Она согласилась. Машинально. Потому что «взрослые люди» — это правильно. Это то, чего от нее всегда ждали.
***
Он выбрал тихую, дорогую кофейню в центре. Тот самый тип мест, где она всегда чувствовала себя немного не в своей тарелке — слишком стерильно, слишком идеально. Он уже ждал за столиком у окна. Безупречный костюм, идеально поставленные руки на столе. Улыбка — ровная, ободряющая, без единой лишней эмоции.
— Лиза. Ты прекрасно выглядишь, — он встал, чтобы поприветствовать ее, легкий наклон головы — никаких лишних касаний.
— Спасибо, — она села, сгорбившись, чувствуя себя серой молью, залетевшей в ювелирную витрину.
Он заказал ей воды с лимоном. Без спроса. Потому что знал, что лучше для нее.
— Итак, — он сложил пальцы домиком. — Положение, безусловно, незавидное. Карьерный взлет… и такое обременительное обстоятельство.

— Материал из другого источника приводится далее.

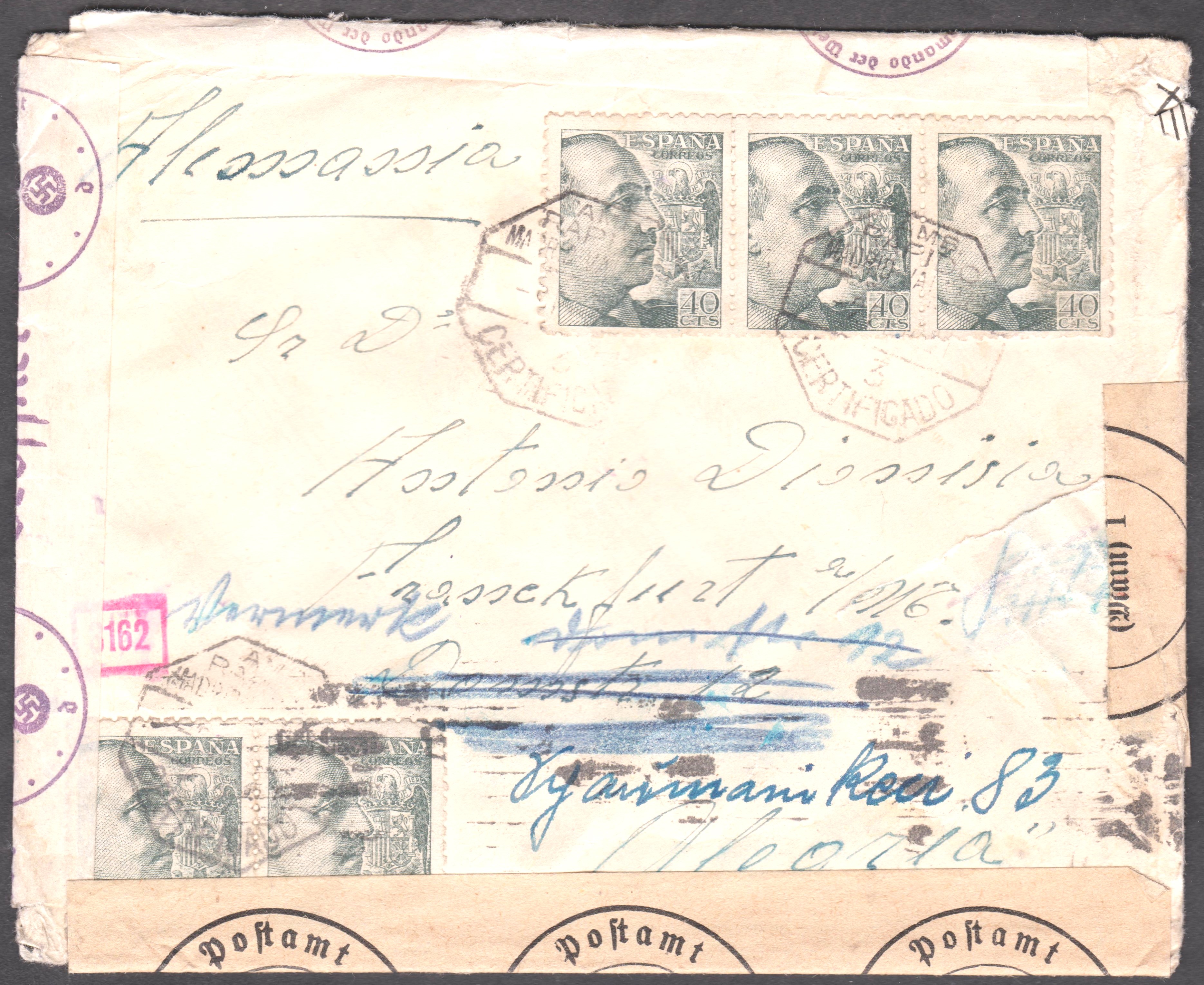 Brief, adressiert nach Rotterdam, aufgegeben in MURCIA am 27.10.1943:

— Обстоятельство? — она тупо переспросила.
— Ну, да, — он мягко кивнул. — Ребенок от человека, который… — он деликатно подобрал слово, — не вполне соответствует твоему статусу. К тому же, судя по твоим словам, отношения исчерпали себя. Я прав?
Лиза молчала. Ее язык будто онемел.
— Лиза, мы с тобой взрослые, прагматичные люди, — его голос стал заговорщически тихим, убаюкивающим. — Современная медицина творит чудеса. Это быстрая, безопасная процедура. Особенно на таком раннем сроке. Никаких последствий. Ты сможешь сосредоточиться на карьере. Очистить жизнь от балласта.

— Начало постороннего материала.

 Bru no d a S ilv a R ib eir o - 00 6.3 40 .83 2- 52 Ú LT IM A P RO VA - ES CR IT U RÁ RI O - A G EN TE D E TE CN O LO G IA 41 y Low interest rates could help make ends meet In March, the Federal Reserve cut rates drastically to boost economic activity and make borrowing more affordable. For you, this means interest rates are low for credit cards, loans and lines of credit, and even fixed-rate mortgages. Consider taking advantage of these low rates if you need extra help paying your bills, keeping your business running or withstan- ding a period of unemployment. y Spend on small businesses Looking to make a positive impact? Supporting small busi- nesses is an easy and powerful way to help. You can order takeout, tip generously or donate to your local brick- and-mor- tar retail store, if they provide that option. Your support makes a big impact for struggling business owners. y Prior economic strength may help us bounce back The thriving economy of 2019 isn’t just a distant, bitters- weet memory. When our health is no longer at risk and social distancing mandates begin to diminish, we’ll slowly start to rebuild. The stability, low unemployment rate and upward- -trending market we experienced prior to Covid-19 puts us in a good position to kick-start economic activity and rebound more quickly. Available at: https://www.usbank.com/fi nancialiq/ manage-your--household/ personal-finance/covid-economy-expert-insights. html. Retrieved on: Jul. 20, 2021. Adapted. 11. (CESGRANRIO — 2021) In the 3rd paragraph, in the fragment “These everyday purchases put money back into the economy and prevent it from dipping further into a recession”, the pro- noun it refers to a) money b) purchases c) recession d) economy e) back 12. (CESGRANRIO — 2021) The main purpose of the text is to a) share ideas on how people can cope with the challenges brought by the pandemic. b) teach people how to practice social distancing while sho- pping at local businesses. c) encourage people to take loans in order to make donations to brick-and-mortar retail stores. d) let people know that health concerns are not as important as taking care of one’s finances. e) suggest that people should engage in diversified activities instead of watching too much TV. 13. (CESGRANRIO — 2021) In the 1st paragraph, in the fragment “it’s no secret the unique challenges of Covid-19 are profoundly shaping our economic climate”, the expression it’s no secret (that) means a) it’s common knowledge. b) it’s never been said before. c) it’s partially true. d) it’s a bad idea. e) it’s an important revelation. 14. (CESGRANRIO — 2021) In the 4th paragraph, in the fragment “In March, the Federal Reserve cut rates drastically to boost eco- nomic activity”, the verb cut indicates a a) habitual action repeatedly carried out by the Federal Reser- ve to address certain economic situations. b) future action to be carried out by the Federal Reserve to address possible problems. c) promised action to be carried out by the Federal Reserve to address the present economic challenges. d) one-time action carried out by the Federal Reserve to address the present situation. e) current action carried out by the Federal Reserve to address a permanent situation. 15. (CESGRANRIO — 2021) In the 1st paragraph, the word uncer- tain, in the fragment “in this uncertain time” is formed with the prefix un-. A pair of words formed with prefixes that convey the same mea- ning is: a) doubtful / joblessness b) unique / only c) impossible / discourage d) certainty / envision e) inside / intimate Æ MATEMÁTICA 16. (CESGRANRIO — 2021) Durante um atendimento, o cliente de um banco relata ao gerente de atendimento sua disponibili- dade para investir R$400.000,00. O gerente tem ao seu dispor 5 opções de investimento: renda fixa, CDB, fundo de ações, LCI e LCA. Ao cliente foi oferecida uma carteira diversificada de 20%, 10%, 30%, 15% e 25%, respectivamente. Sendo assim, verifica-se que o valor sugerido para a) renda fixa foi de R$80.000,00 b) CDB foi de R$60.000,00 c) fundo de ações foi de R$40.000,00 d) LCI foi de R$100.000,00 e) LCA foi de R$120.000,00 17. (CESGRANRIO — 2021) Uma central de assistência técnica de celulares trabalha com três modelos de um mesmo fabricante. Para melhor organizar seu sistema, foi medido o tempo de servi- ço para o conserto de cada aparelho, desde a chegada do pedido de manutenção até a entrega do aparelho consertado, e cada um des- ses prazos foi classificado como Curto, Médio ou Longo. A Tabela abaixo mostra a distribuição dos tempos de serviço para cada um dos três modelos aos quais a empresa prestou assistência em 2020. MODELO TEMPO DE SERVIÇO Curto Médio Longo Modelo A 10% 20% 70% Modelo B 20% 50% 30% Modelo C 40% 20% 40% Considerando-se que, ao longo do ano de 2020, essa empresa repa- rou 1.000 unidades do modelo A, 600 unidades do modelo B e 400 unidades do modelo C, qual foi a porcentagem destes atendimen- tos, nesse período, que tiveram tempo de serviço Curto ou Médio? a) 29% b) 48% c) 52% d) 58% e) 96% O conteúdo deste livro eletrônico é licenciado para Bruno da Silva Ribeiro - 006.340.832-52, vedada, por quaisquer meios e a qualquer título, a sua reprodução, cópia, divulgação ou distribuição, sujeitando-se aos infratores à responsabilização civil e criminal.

Он говорил так разумно. Так логично. Такими правильными, выверенными фразами. Именно то, что хотела бы услышать ее мать. То, что она сама пыталась себе внушить последние часы.
Балласт.
Очистить.
Процедура.
И вдруг ее взгляд упал на его руки. Идеальные, ухоженные, холеные руки хирурга. Руки, которые держат скальпель. Руки, которые никогда не пахли бензином после долгого дня в гараже. Руки, которые никогда не перебирали струны гитары, пока она засыпала у него на плече.
Перед ней сидел не мужчина. Перед ней сидело воплощение того самого «правильного» выбора. И этот выбор был стерильным, пустым и мертвым. В нем не было места ни панике, ни ярости, ни той животной, всепоглощающей страсти, с которой Кирилл кричал об их ребенке. Для Марка это был просто медицинский случай. Проблема, которую нужно грамотно устранить.
Ее ребенок. Его жемчужина. Его ошибка. Его… балласт.
Лед в ее жилах сменился огнем. Тихим, ясным, беспощадным.
— …Я могу договориться с клиникой на понедельник, — вел свою идеальную речь Марк. — Все будет анонимно, комфортно…
Она встала. Резко. Стул скрежетнул по полу. Звук был ужасно громким, неуместным в этой тихой кофейне.
— Лиза?
Он смотрел на нее с легким недоумением, будто наблюдал сбой в работе отлаженного механизма.
Она не сказала ничего. Ни слова благодарности. Ни слова прощания. Она посмотрела на этого идеального, правильного человека и увидела самую большую ошибку в своей жизни. Не Кирилла. Не ребенка. А вот это — вот это благополучное, предсказуемое, мертвое болото.
Она развернулась и пошла к выходу. Сначала быстро, потом почти бегом. Она слышала, как он окликнул ее еще раз, но его голос тонул в нарастающем гуле в ее собственной голове.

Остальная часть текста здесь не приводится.